Я осмотрелась: много старой мебели, мне незнакомой… Мои гардины на окнах.
Дверь в другую комнату, открытая… Через этот дверной проём угадывается ещё два небольших помещения в глубине. Раньше здесь всё было совсем не так… Ирина мама показала мне жестом, что я могу пройти в эти дальние помещения. Там оказалась библиотека и кухня, делившие пополам одно окно, приходившееся на торец дома.
– Здесь не хватает сундука. У нас был большущий сундук окованный железом, – сказала я, вернувшись в первую комнату. В нём лежали вот эти гардины, – я кивнула головой в сторону окон, выходящих на Гиляровского.
– Сундук был, да, большой… И тряпки эти были именно в нём, не спорю. Но мы сундук отдали в театр как декорацию.
– В какой театр?
– Щепкина знаете?
– Актёра?
– Актёра. Он жил в деревянном домике недалеко отсюда.
– Я знаю этот дом. Его теперь берегут – он Наполеона сумел пережить. Там должен быть сейчас музей.

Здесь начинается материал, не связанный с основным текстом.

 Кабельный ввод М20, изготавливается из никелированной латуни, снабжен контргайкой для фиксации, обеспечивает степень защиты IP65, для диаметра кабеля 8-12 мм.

– Совершенно верно. Вот туда, Щепкину, мы ваш сундук и отнесли.
– Подождите, но Щепкин скончался задолго до революции. Как же Вы ему сундук отдавали?

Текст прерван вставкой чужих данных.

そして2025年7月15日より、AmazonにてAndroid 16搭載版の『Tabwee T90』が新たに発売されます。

– Вот так и отдавали: по улице несли на руках. А шторы решили себе оставить.
– Что, Щепкину они не подошли?
– Послушайте, что Вы пристали со своим сундуком? Вы меня просто утомили! Вам хочется сундуков – идите к старьёвщику и накупите себе их дюжину. Что Вы так на меня смотрите? Сундука она видите ли хватилась… Опоздали! Нету вашего сундука! Ну, а если и на шторы претендуете, то извольте предоставить документ о вашей собственности на них, – дама поднялась с кресла и повернулась ко мне спиной, показывая, что разговор закончен.
– Это не декаданс! – крикнула я ей в спину. – Это форменный сумасшедший дом! Неужели нельзя мне по-человечески объяснить, куда вы изволили деть мой сундук?!
– Ирина, проводи молодую гостью, – сухо сказала дама, не оборачиваясь.
– Благодарю. Я найду выход, – в том же тоне ответила я и почему-то сделала глубокий реверанс.
Совершенно не ожидала от себя таких жестов! Реверанс – откуда это у меня? Уж не заговорю ли я завтра по-французски? И не захочется ли мне рябчиков или трюфелей на ужин? А ну как выйду завтра из дома и крикну: «Извозчик!»…
Я уже подходила к метро, когда вспомнила про сумку с книгами, оставленную у стены дома на улице Гиляровского. Конечно, надо возвращаться. Маловероятно, чтобы кому-то пригодилась моя макулатура: пионерская организация осталась в прошлом веке.
В боковом окне «моей» квартиры, судя по всему на кухне, происходил грандиознейший скандал, выливавшийся на улицу вместе с радиопередачей через раскрытую форточку. Участников было двое: Ирина и её мать. Думаю, радио они включили так громко для того, что заглушить «семейную беседу». Я невольно задержалась: их ссора была явно вызвана моим визитом.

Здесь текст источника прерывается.